#### [Task goal]
Find the line that holds "حاوی 1100 میلی گرم آرژنین در هر کپسول", then repeat it and each line below it word for word through the end of the listing, leaving out pictures.

#### [Extracted records]
________________________________________

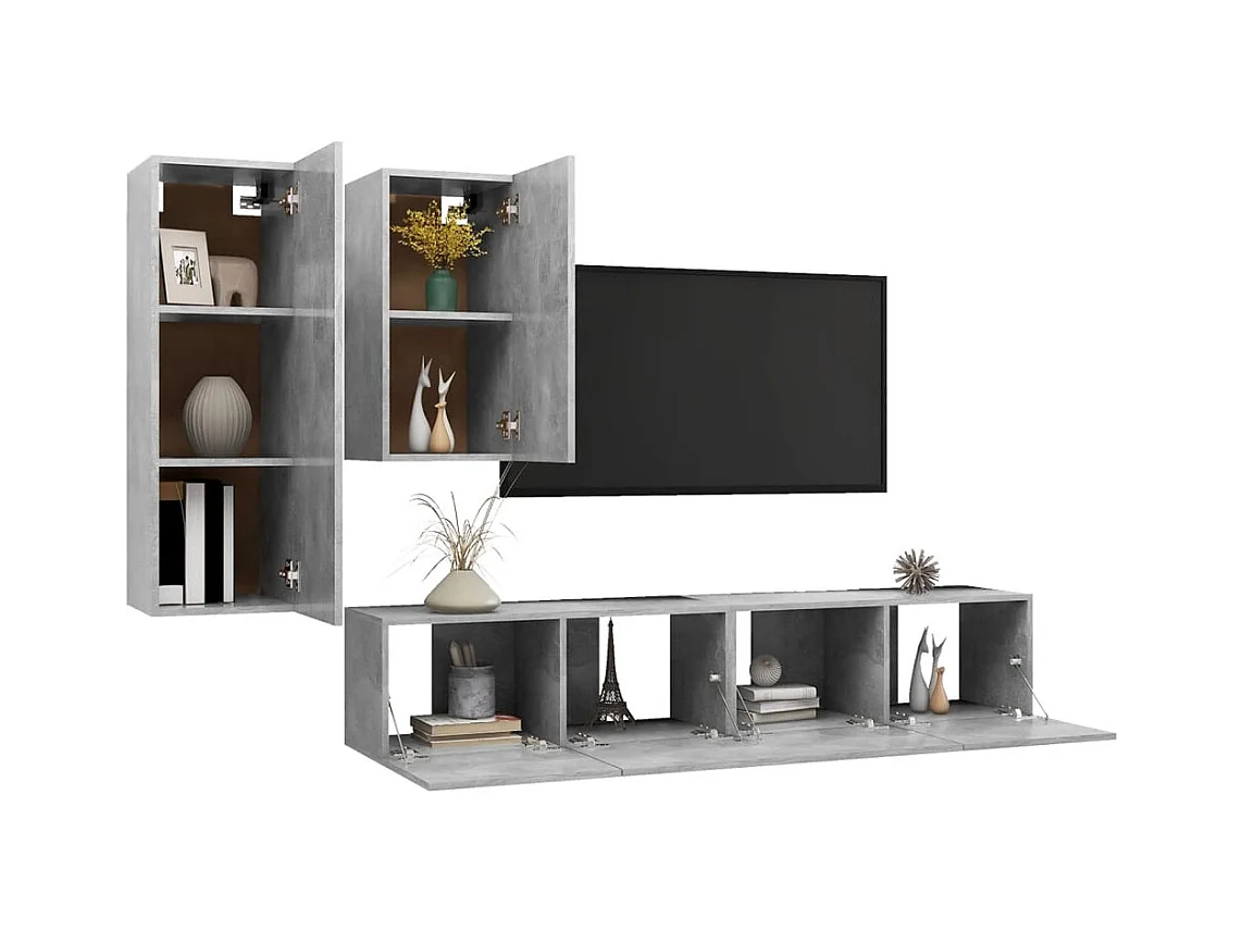 Conjunto de soporte para TV de 4 piezas de madera de ingeniería gris hormigón
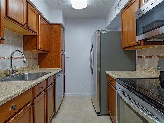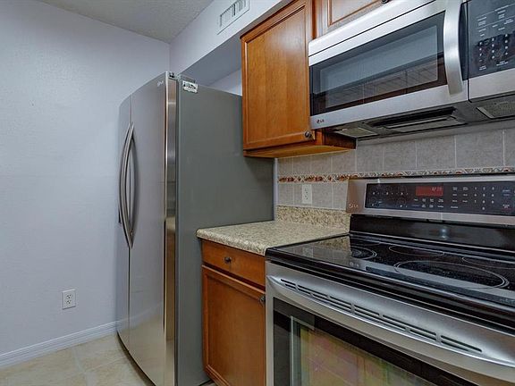 Stainless steel appliancesTiled backsplashWood cabinetry
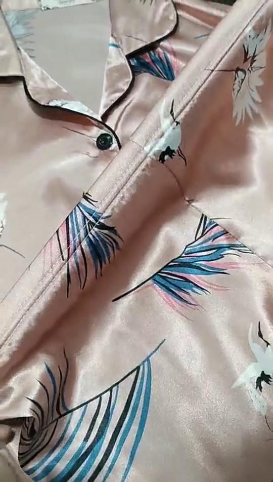 Loungewear für Damen im europäischen und amerikanischen Stil für Frühling und Herbst, bequemes Satin-Pyjama-Set, lässige 2-teilige bedruckte Homewear
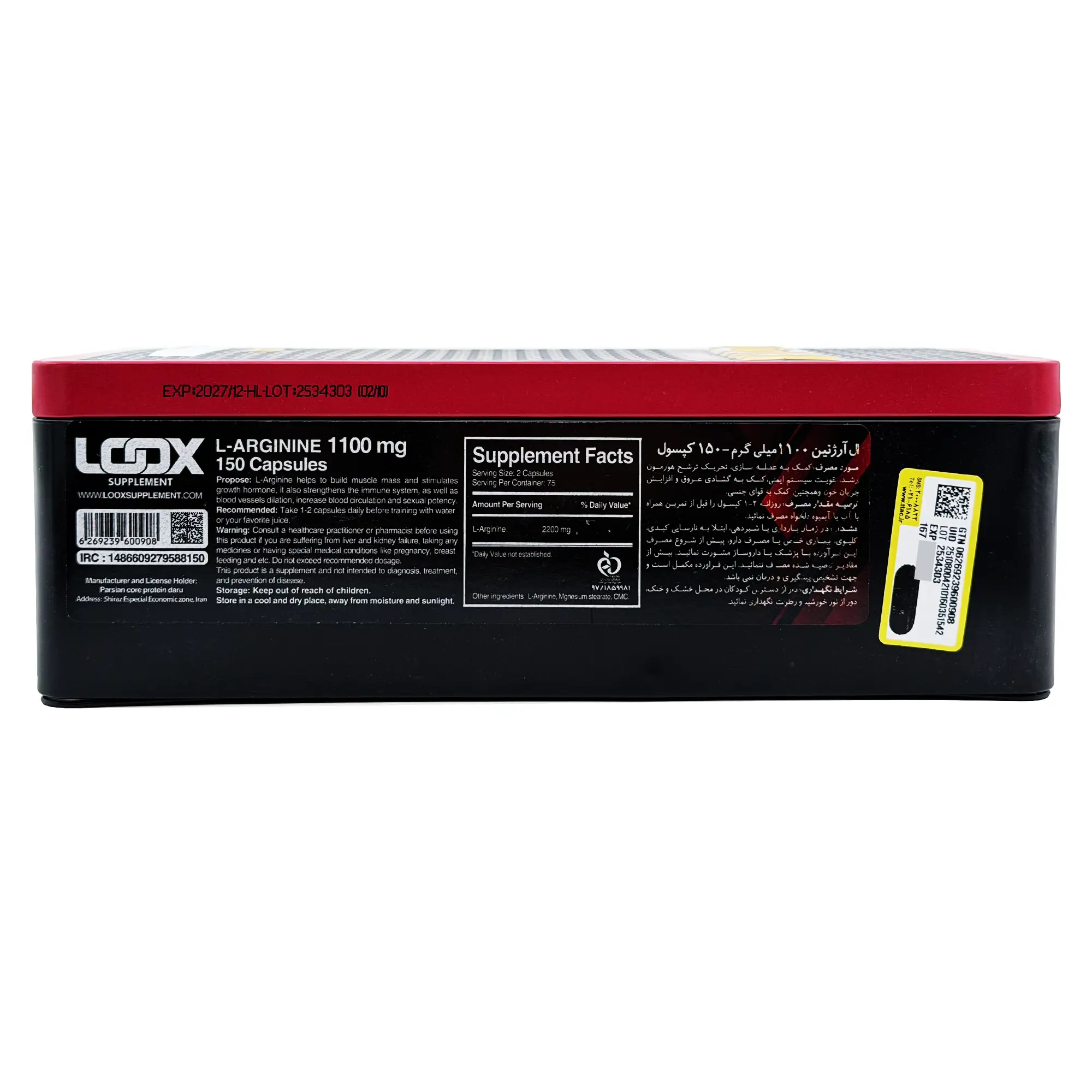 حاوی 1100 میلی گرم آرژنین در هر کپسول
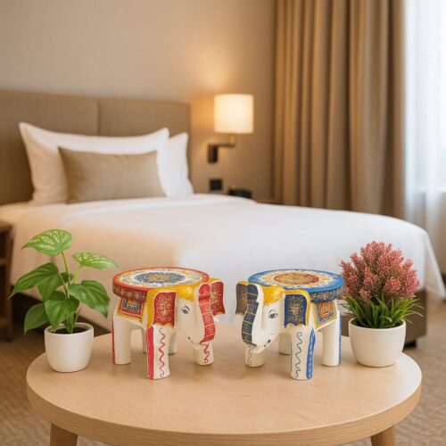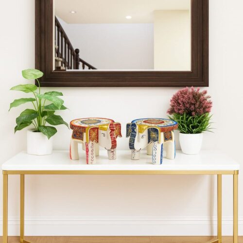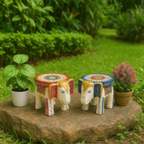 Framing Hub – Handcrafted Emboss Painted Wooden Elephant Stool | Wooden Candle Holder | Colorful Decorative Showpiece Side Table for Home, Office, Living Room or Bedroom Decor (Set of 2).

________________________________________

#### [Output of the task]
 حاوی 1100 میلی گرم آرژنین در هر کپسول
 Framing Hub – Handcrafted Emboss Painted Wooden Elephant Stool | Wooden Candle Holder | Colorful Decorative Showpiece Side Table for Home, Office, Living Room or Bedroom Decor (Set of 2).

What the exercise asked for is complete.